* **WORK ITEM**: The whole listing that follows is to be restated word for word, images excluded.

* **STORED DATA**:
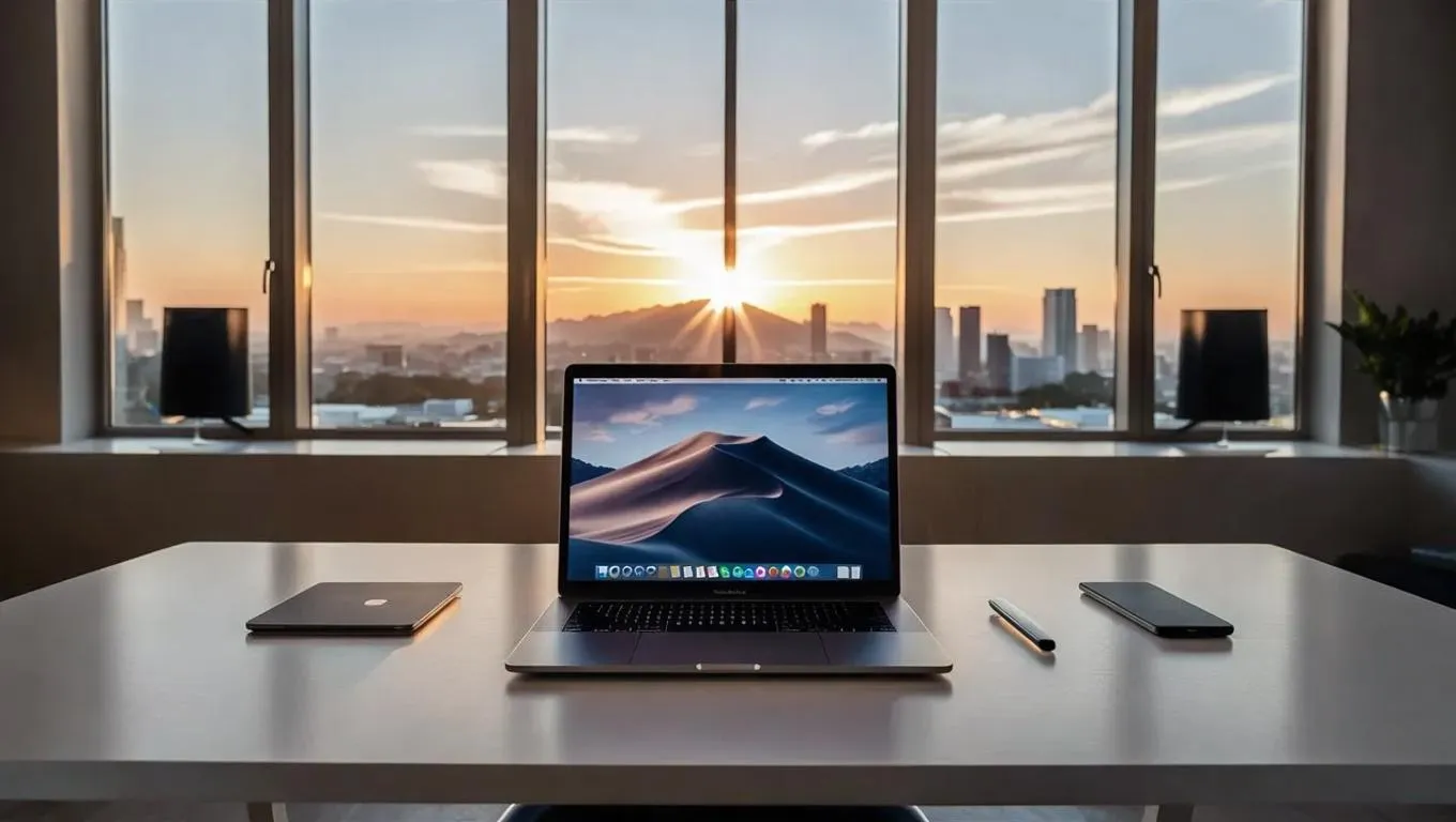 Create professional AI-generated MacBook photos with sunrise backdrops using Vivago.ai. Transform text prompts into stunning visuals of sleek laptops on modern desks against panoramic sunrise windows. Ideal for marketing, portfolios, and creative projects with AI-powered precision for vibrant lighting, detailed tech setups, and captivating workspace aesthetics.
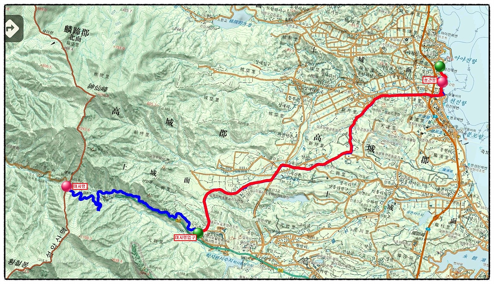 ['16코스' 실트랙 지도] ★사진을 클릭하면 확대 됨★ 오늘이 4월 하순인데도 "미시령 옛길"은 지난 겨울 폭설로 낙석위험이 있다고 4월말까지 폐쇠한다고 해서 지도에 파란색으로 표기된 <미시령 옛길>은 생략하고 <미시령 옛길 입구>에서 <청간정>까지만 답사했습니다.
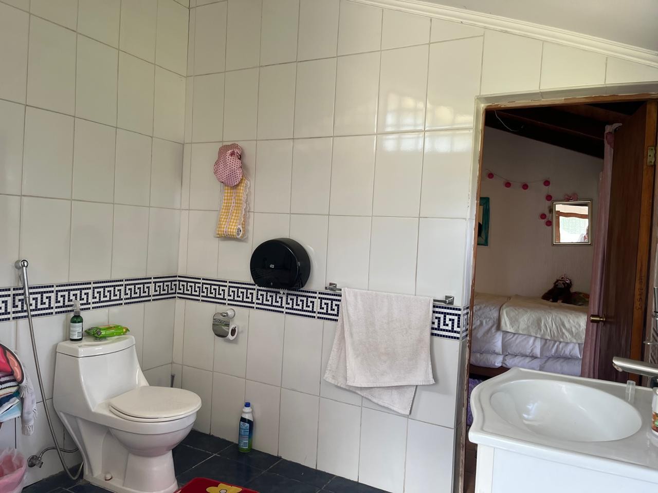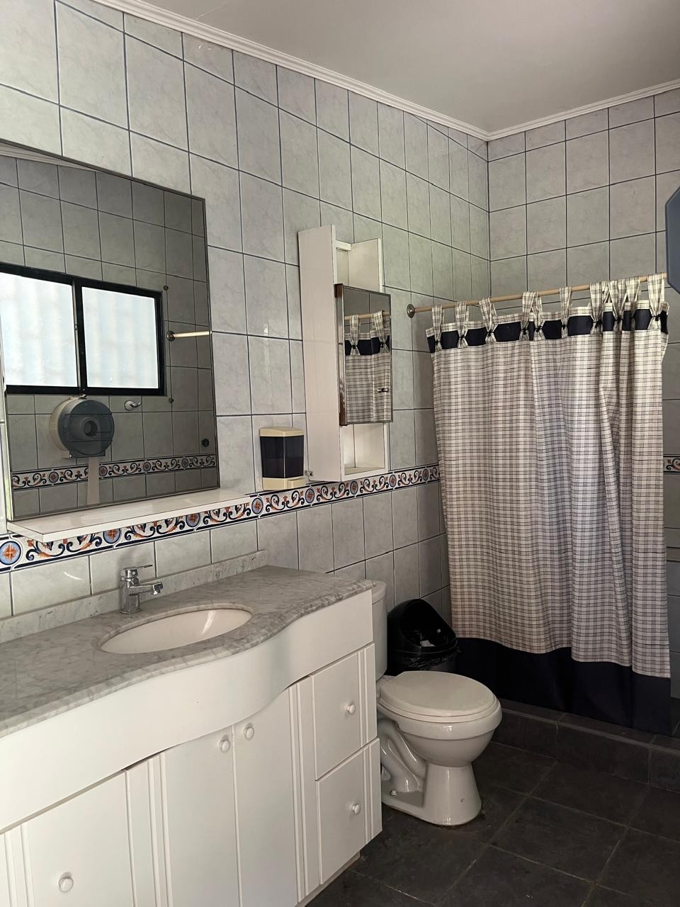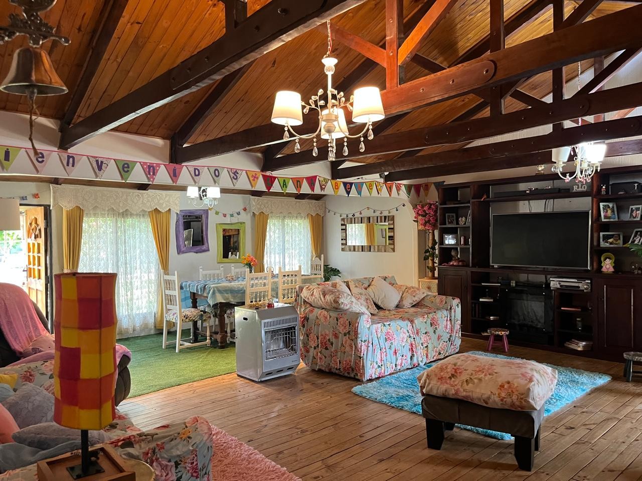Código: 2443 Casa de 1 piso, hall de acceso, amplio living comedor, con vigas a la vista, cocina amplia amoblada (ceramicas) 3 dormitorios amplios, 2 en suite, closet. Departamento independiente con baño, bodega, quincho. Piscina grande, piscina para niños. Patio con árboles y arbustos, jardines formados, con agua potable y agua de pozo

* **SOLUTION FOR THIS EXERCISE**:
 Create professional AI-generated MacBook photos with sunrise backdrops using Vivago.ai. Transform text prompts into stunning visuals of sleek laptops on modern desks against panoramic sunrise windows. Ideal for marketing, portfolios, and creative projects with AI-powered precision for vibrant lighting, detailed tech setups, and captivating workspace aesthetics.
 ['16코스' 실트랙 지도] ★사진을 클릭하면 확대 됨★ 오늘이 4월 하순인데도 "미시령 옛길"은 지난 겨울 폭설로 낙석위험이 있다고 4월말까지 폐쇠한다고 해서 지도에 파란색으로 표기된 <미시령 옛길>은 생략하고 <미시령 옛길 입구>에서 <청간정>까지만 답사했습니다.
Código: 2443 Casa de 1 piso, hall de acceso, amplio living comedor, con vigas a la vista, cocina amplia amoblada (ceramicas) 3 dormitorios amplios, 2 en suite, closet. Departamento independiente con baño, bodega, quincho. Piscina grande, piscina para niños. Patio con árboles y arbustos, jardines formados, con agua potable y agua de pozo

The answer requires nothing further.